Karrer: Sehr positiv. Fast alle Betriebe und Mitarbeiter sehen das Thema Mikro-ÖV positiv und können sich eine Beteiligung – nach einer Test-Phase – vorstellen.

Tips: Sollen eigene Fahrzeuge zum Einsatz kommen oder streben Sie eine Zusammenarbeit mit den öffentlichen Verkehrsbetrieben an?

Karrer: Es werden definitiv keine eigenen Fahrzeuge angeschafft. Wir wollen die regionalen Fuhrunternehmer einladen, innerhalb des Mikro-Öffentlichen-Verkehrssystems zu fahren. Das kann für die Unternehmen eine bessere Auslastung ihrer Fahrzeuge zu fairen Konditionen bedeuten. Diese Wertschöpfung bleibt damit in der Region.

Tips: Soll das neue Verkehrskonzept nur an Wochentagen oder auch an Wochenenden zum Einsatz kommen?

Karrer: Im Hintergrund werden aktuell mehrere Szenarien berechnet. Für welche Betriebszeiten man sich entscheiden wird, hängt dann natürlich auch von den Kosten ab.

Tips: Wie ist die bisherige Resonanz der Gemeinden?

Karrer: Wir haben die Gemeinden von Anbeginn in alle Phasen eingebunden und in allen Gemeinden auch persönliche Gespräche geführt. Ich bin vorsichtig optimistisch, dass wir eine ausreichende Gebietskulisse zusammenbringen. Das Thema ist für eine zersiedelte, periphere Region wie unsere wichtig, um auch in Zukunft attraktiv für die Bürger der Region zu bleiben. Daher ist es auch wichtig, bei solchen zukunftsweisenden Projekten ein Stück weit solidarisch zu agieren.

Tips: Wann soll das Konzept stehen beziehungsweise zum Einsatz kommen?

Karrer: Das Planungsprojekt kommt jetzt in die heiße Endphase. Am 6. Juni werden wir die Ergebnisse allen Gemeinden und allen anderen Interessierten vorstellen. Danach müssen die Gemeinderäte über das erarbeitete Konzept abstimmen. Im Herbst wird sich zeigen, ob sich ausreichend Gemeinden beteiligen – es macht aber nur Sinn, wenn möglichst viele Gemeinden teilnehmen. Ein Fleckerlteppich wird nicht umgesetzt werden.

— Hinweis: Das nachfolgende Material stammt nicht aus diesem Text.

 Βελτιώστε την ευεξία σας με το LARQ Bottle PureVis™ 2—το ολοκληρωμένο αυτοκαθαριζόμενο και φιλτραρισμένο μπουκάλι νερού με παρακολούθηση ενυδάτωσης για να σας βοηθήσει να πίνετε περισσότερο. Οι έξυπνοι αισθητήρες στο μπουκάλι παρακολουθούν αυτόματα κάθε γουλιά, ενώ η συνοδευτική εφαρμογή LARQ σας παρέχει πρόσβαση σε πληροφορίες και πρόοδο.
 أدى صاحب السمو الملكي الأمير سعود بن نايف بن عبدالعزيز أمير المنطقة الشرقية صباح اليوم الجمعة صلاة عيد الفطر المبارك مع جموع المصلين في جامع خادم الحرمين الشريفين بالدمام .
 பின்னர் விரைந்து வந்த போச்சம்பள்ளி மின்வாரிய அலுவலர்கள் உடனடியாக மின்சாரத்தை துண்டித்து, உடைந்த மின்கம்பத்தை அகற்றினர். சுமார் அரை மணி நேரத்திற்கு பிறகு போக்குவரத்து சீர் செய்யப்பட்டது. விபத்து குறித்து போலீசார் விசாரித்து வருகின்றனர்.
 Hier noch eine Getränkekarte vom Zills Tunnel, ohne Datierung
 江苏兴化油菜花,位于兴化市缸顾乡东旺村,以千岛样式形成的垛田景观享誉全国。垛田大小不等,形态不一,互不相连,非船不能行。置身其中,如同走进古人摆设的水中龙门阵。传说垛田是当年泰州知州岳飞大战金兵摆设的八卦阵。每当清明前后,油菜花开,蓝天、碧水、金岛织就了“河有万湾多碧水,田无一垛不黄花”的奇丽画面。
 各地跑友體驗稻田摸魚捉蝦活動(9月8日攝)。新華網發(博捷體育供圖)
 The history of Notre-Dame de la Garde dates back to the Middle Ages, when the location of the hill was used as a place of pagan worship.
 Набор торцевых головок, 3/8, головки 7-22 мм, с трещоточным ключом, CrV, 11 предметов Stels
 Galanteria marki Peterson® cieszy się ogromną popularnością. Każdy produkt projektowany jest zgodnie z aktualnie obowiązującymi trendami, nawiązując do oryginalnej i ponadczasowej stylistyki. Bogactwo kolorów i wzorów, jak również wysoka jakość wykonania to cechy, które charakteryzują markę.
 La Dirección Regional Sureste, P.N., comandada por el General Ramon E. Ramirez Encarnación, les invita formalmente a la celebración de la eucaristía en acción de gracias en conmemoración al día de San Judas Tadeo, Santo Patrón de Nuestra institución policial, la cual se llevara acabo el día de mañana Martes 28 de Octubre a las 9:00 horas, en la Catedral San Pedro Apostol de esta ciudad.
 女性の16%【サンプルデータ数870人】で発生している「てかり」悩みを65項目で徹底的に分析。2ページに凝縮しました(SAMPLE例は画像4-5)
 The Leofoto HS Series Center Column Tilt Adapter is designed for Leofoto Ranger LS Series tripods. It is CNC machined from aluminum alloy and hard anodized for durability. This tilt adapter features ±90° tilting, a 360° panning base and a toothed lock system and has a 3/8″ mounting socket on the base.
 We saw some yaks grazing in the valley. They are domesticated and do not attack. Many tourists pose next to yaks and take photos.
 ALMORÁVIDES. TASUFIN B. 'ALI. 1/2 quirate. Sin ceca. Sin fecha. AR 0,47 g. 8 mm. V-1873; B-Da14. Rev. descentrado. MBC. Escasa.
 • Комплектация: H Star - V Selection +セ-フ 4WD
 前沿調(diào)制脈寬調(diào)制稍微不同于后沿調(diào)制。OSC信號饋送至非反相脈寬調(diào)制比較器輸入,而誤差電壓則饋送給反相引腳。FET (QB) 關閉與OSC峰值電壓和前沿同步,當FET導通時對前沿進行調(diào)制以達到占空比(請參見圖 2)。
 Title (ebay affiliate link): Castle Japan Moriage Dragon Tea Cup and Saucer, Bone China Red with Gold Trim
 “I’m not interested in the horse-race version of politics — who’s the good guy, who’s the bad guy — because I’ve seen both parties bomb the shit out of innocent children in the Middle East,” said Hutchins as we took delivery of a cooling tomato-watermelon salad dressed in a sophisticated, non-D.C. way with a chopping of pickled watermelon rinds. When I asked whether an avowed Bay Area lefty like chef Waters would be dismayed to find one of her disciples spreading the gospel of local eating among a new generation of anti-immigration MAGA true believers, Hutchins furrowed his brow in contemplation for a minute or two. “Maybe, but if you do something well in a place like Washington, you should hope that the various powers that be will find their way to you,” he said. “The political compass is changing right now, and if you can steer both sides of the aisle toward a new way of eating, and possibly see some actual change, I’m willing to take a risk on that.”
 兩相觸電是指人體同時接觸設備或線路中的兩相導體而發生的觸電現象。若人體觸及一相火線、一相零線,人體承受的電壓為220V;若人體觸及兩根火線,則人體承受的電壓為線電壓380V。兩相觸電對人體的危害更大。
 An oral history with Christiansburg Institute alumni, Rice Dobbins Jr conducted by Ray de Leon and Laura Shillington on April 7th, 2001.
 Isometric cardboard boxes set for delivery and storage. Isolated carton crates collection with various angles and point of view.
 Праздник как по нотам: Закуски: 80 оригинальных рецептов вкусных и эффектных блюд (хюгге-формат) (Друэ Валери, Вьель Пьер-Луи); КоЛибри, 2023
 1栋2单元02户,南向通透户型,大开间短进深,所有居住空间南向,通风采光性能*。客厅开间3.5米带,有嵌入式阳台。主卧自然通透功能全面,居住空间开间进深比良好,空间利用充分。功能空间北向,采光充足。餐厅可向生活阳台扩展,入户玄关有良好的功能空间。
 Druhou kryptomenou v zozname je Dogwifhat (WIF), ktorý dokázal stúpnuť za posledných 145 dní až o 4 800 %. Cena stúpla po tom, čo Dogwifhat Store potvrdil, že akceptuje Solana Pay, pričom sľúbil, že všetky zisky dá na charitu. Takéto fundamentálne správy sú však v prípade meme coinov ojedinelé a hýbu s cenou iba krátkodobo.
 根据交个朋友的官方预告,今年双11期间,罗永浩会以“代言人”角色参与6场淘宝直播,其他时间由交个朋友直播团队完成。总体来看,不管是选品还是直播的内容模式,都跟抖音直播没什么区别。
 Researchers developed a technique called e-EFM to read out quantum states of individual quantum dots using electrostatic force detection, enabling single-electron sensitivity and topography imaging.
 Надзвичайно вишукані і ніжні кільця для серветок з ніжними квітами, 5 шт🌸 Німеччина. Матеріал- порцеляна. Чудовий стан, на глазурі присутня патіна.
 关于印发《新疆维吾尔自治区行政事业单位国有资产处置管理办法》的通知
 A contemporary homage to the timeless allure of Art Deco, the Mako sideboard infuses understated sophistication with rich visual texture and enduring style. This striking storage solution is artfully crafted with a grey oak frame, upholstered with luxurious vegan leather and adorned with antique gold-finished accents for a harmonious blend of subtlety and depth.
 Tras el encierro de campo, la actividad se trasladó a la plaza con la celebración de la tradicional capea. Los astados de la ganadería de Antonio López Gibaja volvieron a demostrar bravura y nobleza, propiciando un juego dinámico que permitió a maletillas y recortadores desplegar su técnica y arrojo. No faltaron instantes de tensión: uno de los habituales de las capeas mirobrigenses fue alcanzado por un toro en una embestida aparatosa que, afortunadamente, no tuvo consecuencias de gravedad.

Tips: Arbeiten auch andere LEADER-Regionen an der Umsetzung solch eines Verkehrskonzeptes?

Karrer: Ja. Auch unsere Nachbarregion Mostlandl-Hausruck plant, dasselbe System einzuführen. Wir machen das Projekt im Gleichschritt und heben damit auch viele Synergien auf. Oberösterreichweit wären wir die Ersten, die ein solches System über eine ganze Region einführen.